Jack • September 10, 2009 11:13 AM

And what would you do with “something that will protect our data when a large corporation decides to delete it”? If someone showed you something that made Vanish look like a toy and blew away all encryption-derivative-type stuff, what would you do? Write about it? Analyze it to death, only to say we can never, really, really, be sure? Or would you call it snake oil and move on?

james • September 10, 2009 11:37 AM

you single out the “cloud”, but a lot of this is true even for a standard corporate environment or any other place where the computer may not be entirely managed by the user. all of these places could have automated backup processes that keep data alive long after you have “deleted” it from your local disk drive.

William V. • September 10, 2009 12:00 PM

Your analogy with file recovery and the use of BCWipe is more than an analogy. I recently used file recovery software to retrieve files deleted from other people’s EC2 AMI:

http://stage.vambenepe.com/archives/922

And actually Amazon AWS does a very good job resetting blocks on raw volumes that they hand out. Much better than you can expect from most “private cloud” infrastructure providers out there. Just try and analyze the blocks next time you’re handed a VM with some volumes mounted.

Tom • September 10, 2009 12:21 PM

Thank you for the responses. I feel a bit safer knowing that specialized equipment is required. Right now I use “eraser” and have it set to use pseudo-random over-write of unused disk space once a week. I also use it in 2-pass pseudo-random mode to erase files instead of using the delete function in windows. From the comments, any attempt to recover the data would prove costly and hence low risk since my data isn’t special enough.

Chaz • September 10, 2009 1:11 PM

@clvrmnky “I know of no one who religiously copies their Gmail email to another account they have complete control over…”

I do. My gmail is downloaded to two geographically separate hard drives, and some of it is encrypted so the cloud can’t read it. I don’t actually care about my gmail all that much–I just set it up that way as practice, after reading this blog too often.

Having extra copies of things makes them harder to delete, but encryption with a distributed key may be a good start.

Caleb • September 10, 2009 2:54 PM

Richard Stallman wrote a bit about this in his essay about “Trusted” Computing.

http://www.gnu.org/philosophy/can-you-trust.html

Daniel • September 10, 2009 3:04 PM

“And even if you do manage to delete your data, copies are certain to remain in the companies’ backup systems. Gmail explicitly says this in its privacy notice.”

Right. Actually, the Gmail Privacy Notice says it “may” remain in the backup systems. Any company who doesn’t say so is simply lying, so I always thought that extra bit of honesty was an excellent move on part of Google.

“Unlike previous programs that supported file deletion, this one doesn’t require you to trust any company, organisation, or website. It just happens.”

No, it does require trust. It requires that you trust that nobody who viewed the file (and got the key in time to do so) leaves a copy of the key behind, for example on their backup system. The only difference is whether you trust someone whom you chose (e.g. Gmail), or whether you trust someone random (any participant in the Vanish p2p net that requested the keys).

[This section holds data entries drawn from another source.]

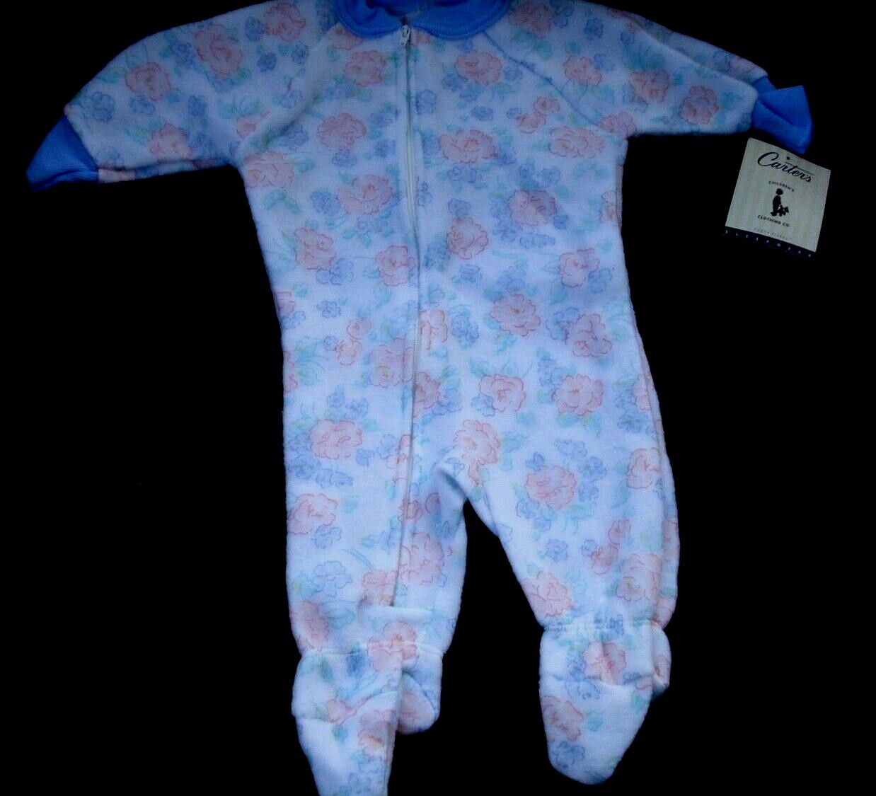 Vintage Carter's Infant Girls Floral Fleece One Piece Pajamas 0-6 Months NEW
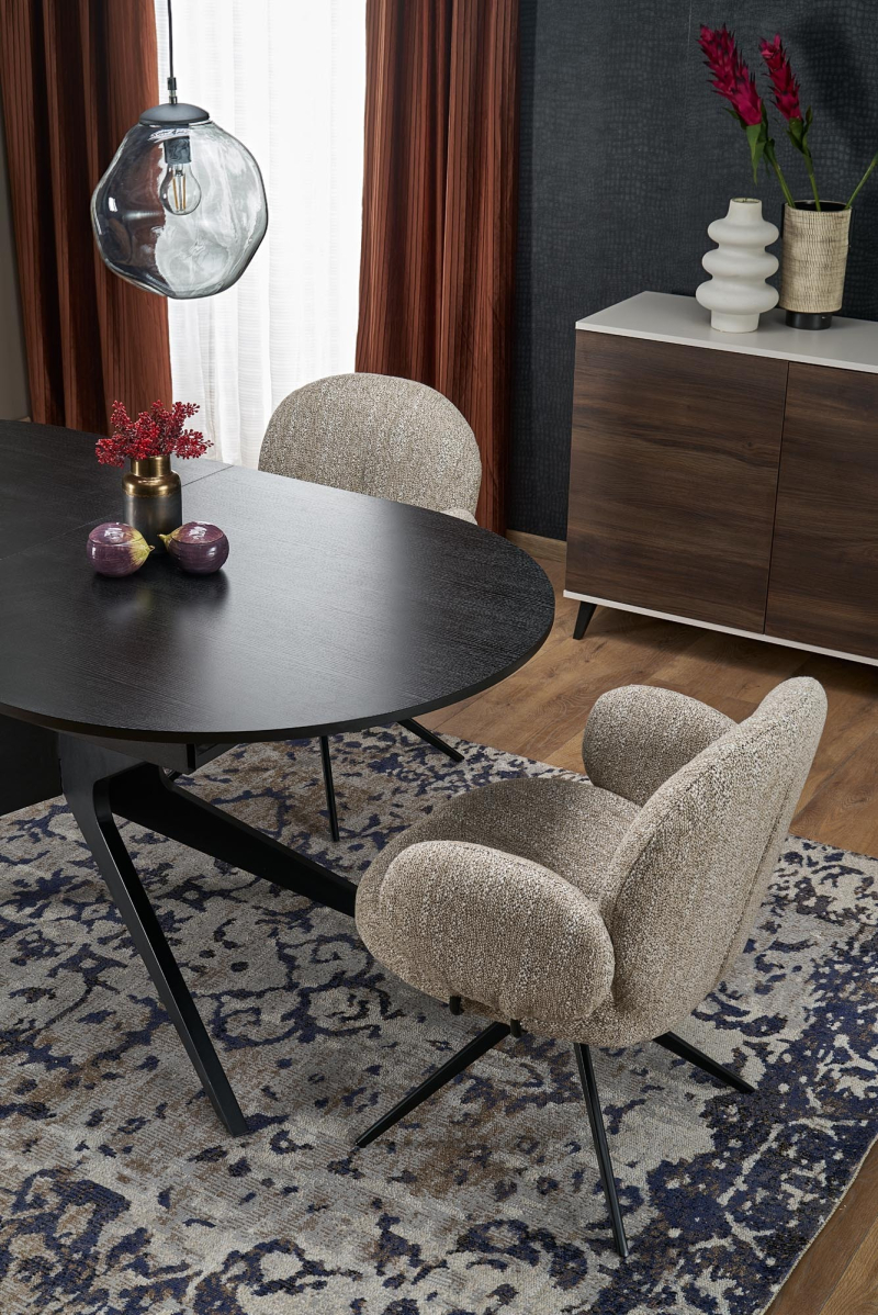 Stół SANDRO wyróżnia się blatem wykonanym z trwałego MDF okleinowanego melaminą w głębokim czarnym kolorze. To wykończenie nie tylko prezentuje się niezwykle nowocześnie, ale również jest odporne na zarysowania i łatwe w utrzymaniu czystości. Jego owalny kształt dodaje mu subtelności i sprzyja swobodnej komunikacji przy stole.
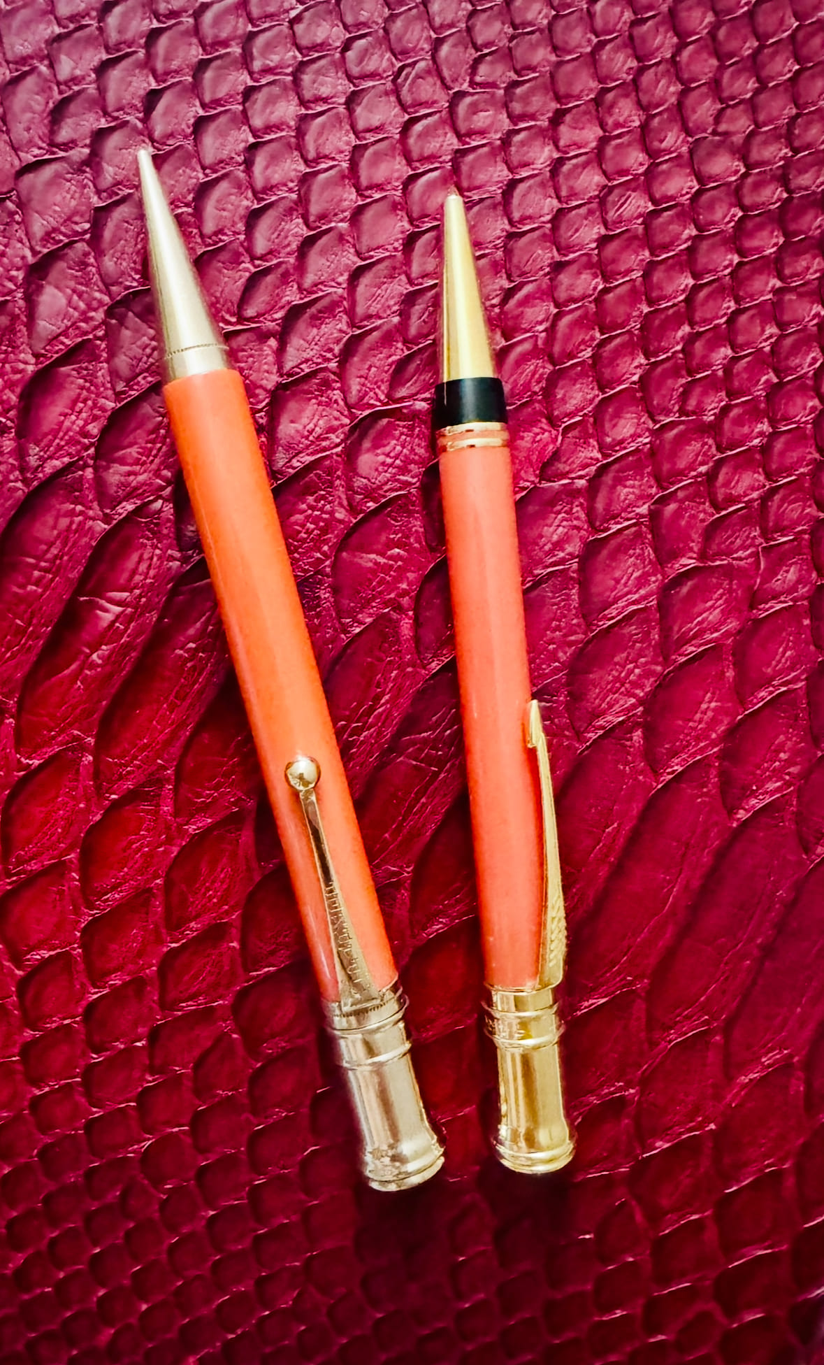 # 1991 biro e Pencil “big bro”, in teoria una delle prime prodotte, per via della scritta (poi abbandonata) e per la mancanza delle “bande nere” alle due estremità, inserite negli anni successivi per abbinarsi meglio alla colorazione (arancione/nero) della penna… In seguito prodotta anche in altre misure e venduta anche in abbinato alla penna (Parker Duette)

I guess one could make the case for either.

sle • September 10, 2009 3:27 PM

With SSD drive, I guess the problem is even worse as the data medium is using user “transparent” data reallocation techniques in order to increase lifetime.
How can you be sure you removed a file on an SSD or USB key ?

dan • September 10, 2009 4:05 PM

When I started reading this long post about file deletion, I figured out, oh it’s again just a story on how people press the DEL key and regret their action.

Then “vanish” came, another spammy commercial thing ?

Not at all, the gossip turned around the fact that how long google or facebook are going to keep my pix of myself on the beach in a bathing suit with my kids and wife.

The best solution is to “not publish” that kind of data.

who cares if now or in 10.000 years, a homo erectus was proud to show his life to the world.

I’ve worked in the plane manufacturing industry and the median retension time is 40 years.

By this time, you will be dead and eaten by maggots, when some geek will restore those pix. and will “LoL” out on the strange practises of the post-industrials geeks, we all are.

publish publish my brothers, but don’t complain or blame the inventors of the best communication tools ever invented.

As it says on most of the legal notices : I accept terms and conditions….

So if you are scared on how your personal data will be handled for the next 200 years. Don’t publish !!!

Create your own “facebook site” invite the community, friends, relatives or strangers to share your lack of recognition.

Name it :Jesuspace or whatever

the problem is that, it is just easy to put things on the web as putting a pizza in the mw oven.

World of sheeps !

my best advice : a 100000 bucks fee to become a member of MSP or FB or GOOG.

this will tremendously reduce the members amount, and force people to read books and write letters to friends.

Sorry for this “one way sarcastic critic” of the ruined mental deprecated mankind mind.

what would happen if we go back to a pen, rubber and paper philosophy.

Dror Harari • September 10, 2009 5:04 PM

@sle is right – when you use SSD (Solid State Disk), you cannot actually write over a file. In virtually all cases, you simply write new copies on other places in the disk. Wiping programs intended for use with hard drives just make the problem worse when using an SSD device since you are just adding more copies of the file on the storage.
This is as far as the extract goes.